Specter of ethnic conflict appears in Estonia

  • 2001-10-04
  • Aleksei Gunter
TALLINN - Five people were arrested when police dispersed about 100 teenagers, all of Russian origin, who gathered to fight students at an Estonian-language school in a Tallinn suburb on the evening of Sept. 29.

Some sections of the Estonian media see the incident, in which some suffered minor injuries, as the stirrings of ethnic violence.

Trouble appears to have been brewing for some time before the incident outside Jarveotsa secondary school in Tallinn's Oismae district. A minor skirmish between ethnic Russian and ethnic Estonian teenagers occurred in the area the previous week and plans had been laid for the Sept. 29 showdown well in advance, reported the popular newspaper SL Ohtuleht on Oct. 1.

Police spokesman Indrek Raudjalg denied the conflict was ethnically based, claiming it was primarily a matter of rivalry between schools and neighborhoods. The crowd consisted of teenagers from various Tallinn districts, many of whom came to see but not take part in the fight, he said.

Population Affairs Minister Katrin Saks, pointed to the infrequency of such incidents, saying ethnic hatred was not a characteristic of Tallinn's neighborhoods. "Of course somebody may hate someone due to reasons of nationality, but drawing conclusions about the whole population from individual cases is wrong," said Saks.

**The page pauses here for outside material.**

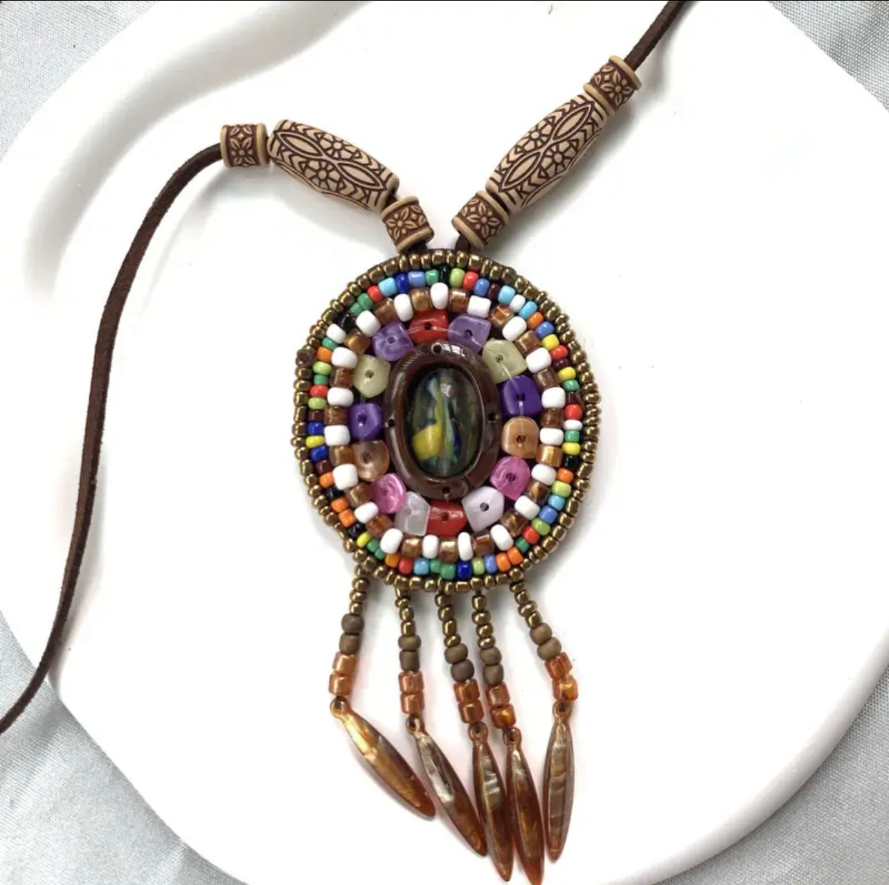 Perfect for adding a distinctive bohemian touch to everyday outfits or completing a special occasion look, this necklace is designed to inspire creativity and a love for unique treasures. Let your inner bohemian spirit shine and embrace the charm of yesteryear with this truly special piece.

She added that when she visited the district at 8 p.m. on the evening of the incident the Russian youths she saw did not appear to be looking for trouble.

Her bureau would check all the facts in order to be able to confirm or disprove rumors of ethnic tension, she said. "Some may like to capitalize on rumors of ethnic tension in Oismae," she said.

The Estonian media reported that the trouble started after a teenage girl named Kadi, from the Oismae neighborhood, jilted her ethnically Estonian boyfriend in favor of an ethnic Russian. Tension between the two young men and their friends turned into what looked like becoming a mass clash between the two groups. SL Ohtuleht's view of the events in Oismae was rejected by the Russian-language press, including Estoniya Daily, which wrote on Oct. 2 that young people did not attack others on the basis of their passports.

Estonia's statistics department reported in January 2000 that of 1.44 million residents of Estonia, 404,925 were ethnic Russians.